*** Provided records ***

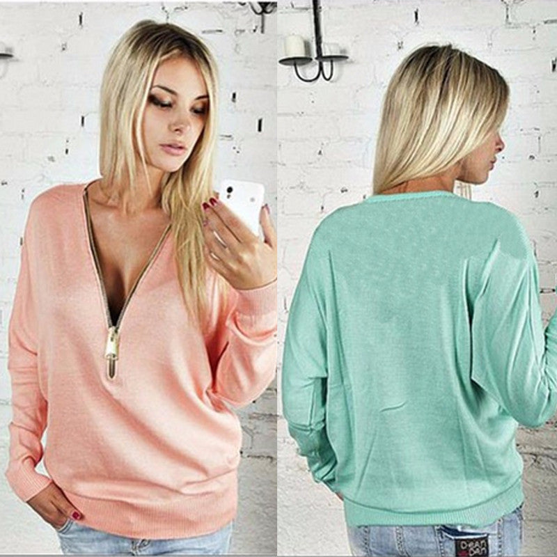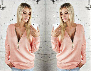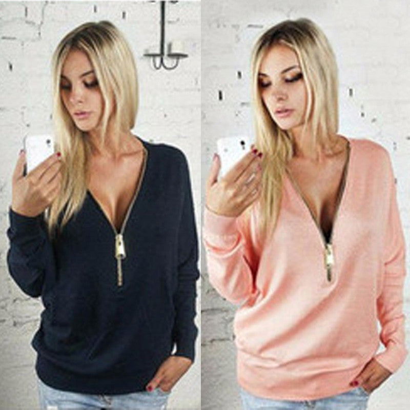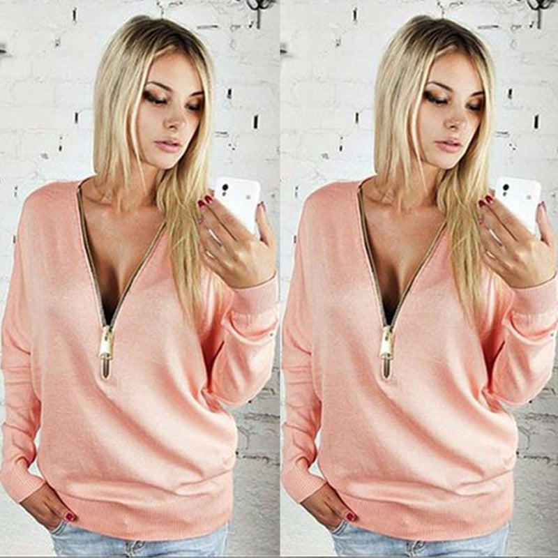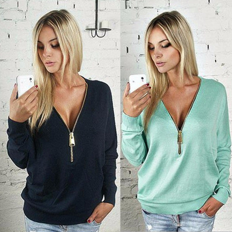 Fashion sexy women t shirt 2016 new v-neck zipper tops long sleeve black T shirt hot sale
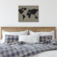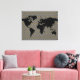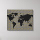 Mapa estilizado del mundo negro con muchas notas musicales de color dorado en el fondo. Música al mundo
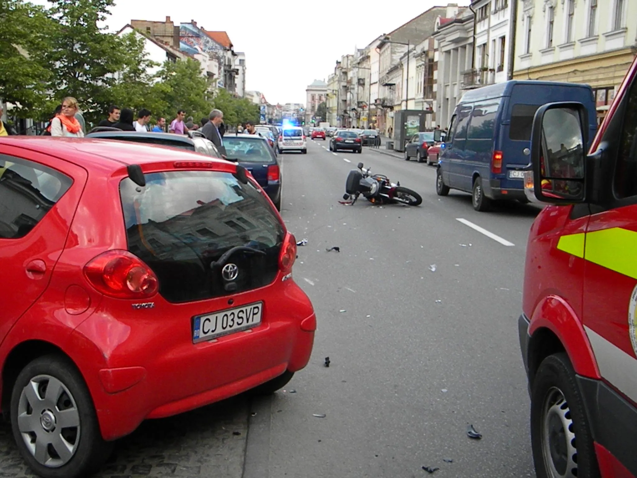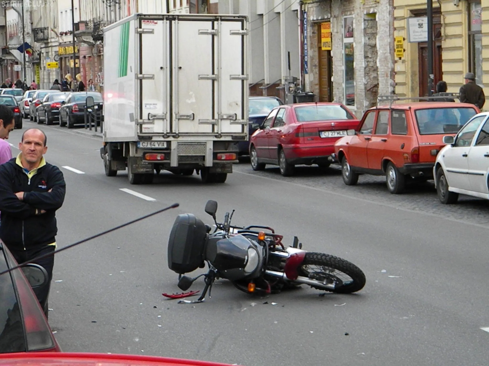 O șoferiță nu a fost atentă la schimbarea benzii de mers și a lovit în plin un motociclist care circula regulamentar. ”A schimbat banda pentru a intra în parcare. A trecute de pe o bandă pe alta și de acolo a vrut să parcheze, dar nu a mai apucat pentru că l-a lovit pe motociclist”, a relatat un martor la acest incident.
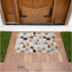 Cães de Collie Rough Cute sentam-se e ficam de pé e rollover com casacos sápidos, tricolores, unidos e brancos com ossos de cão espalhados e padrões de pegadas.
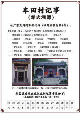 之前,我也了解相关族谱记载,特别是明代进士、名臣、“东林三君”之一、王阳明后学重要人物、谱牒行家、江西吉水籍邹元标(1551-1624,同为希尧公后裔)为当地邹氏族谱作序所述龙川分支,以及当代邹氏谱牒研究专家邹赤松、邹肃良等宗贤的网文论证,加上有族谱记述希尧公出生至孟敬公出生间隔近300年,我相信孟敬公是希尧公第8代,而不是龙川邹氏族谱、孟敬公墓碑、孟敬公祠牌位所载称的第5世,此争议在本文暂且搁置。我是孟敬公第24代,以孟敬公为希尧第8世计我是希尧第31世,若以孟敬公为希尧第5世计我是希尧28世。我提议龙川宗亲、族谱编委会正视该世代数问题、以及龙川往前追溯希尧公祖源错接问题(不属南宋状元福建邹应龙支系,邹应龙即邹景初(1173年-1245),其出生时,江西邹希尧(1133-1216)已40岁),建议在引述旧谱时,写上现代考证情况、意见倾向,以利于宗亲辨析。

*** End of Provided records ***

Your task:
Return the full material word for word. Do not include the pictures.

Problem solution:
 Fashion sexy women t shirt 2016 new v-neck zipper tops long sleeve black T shirt hot sale
 Mapa estilizado del mundo negro con muchas notas musicales de color dorado en el fondo. Música al mundo
 O șoferiță nu a fost atentă la schimbarea benzii de mers și a lovit în plin un motociclist care circula regulamentar. ”A schimbat banda pentru a intra în parcare. A trecute de pe o bandă pe alta și de acolo a vrut să parcheze, dar nu a mai apucat pentru că l-a lovit pe motociclist”, a relatat un martor la acest incident.
 Cães de Collie Rough Cute sentam-se e ficam de pé e rollover com casacos sápidos, tricolores, unidos e brancos com ossos de cão espalhados e padrões de pegadas.
 之前,我也了解相关族谱记载,特别是明代进士、名臣、“东林三君”之一、王阳明后学重要人物、谱牒行家、江西吉水籍邹元标(1551-1624,同为希尧公后裔)为当地邹氏族谱作序所述龙川分支,以及当代邹氏谱牒研究专家邹赤松、邹肃良等宗贤的网文论证,加上有族谱记述希尧公出生至孟敬公出生间隔近300年,我相信孟敬公是希尧公第8代,而不是龙川邹氏族谱、孟敬公墓碑、孟敬公祠牌位所载称的第5世,此争议在本文暂且搁置。我是孟敬公第24代,以孟敬公为希尧第8世计我是希尧第31世,若以孟敬公为希尧第5世计我是希尧28世。我提议龙川宗亲、族谱编委会正视该世代数问题、以及龙川往前追溯希尧公祖源错接问题(不属南宋状元福建邹应龙支系,邹应龙即邹景初(1173年-1245),其出生时,江西邹希尧(1133-1216)已40岁),建议在引述旧谱时,写上现代考证情况、意见倾向,以利于宗亲辨析。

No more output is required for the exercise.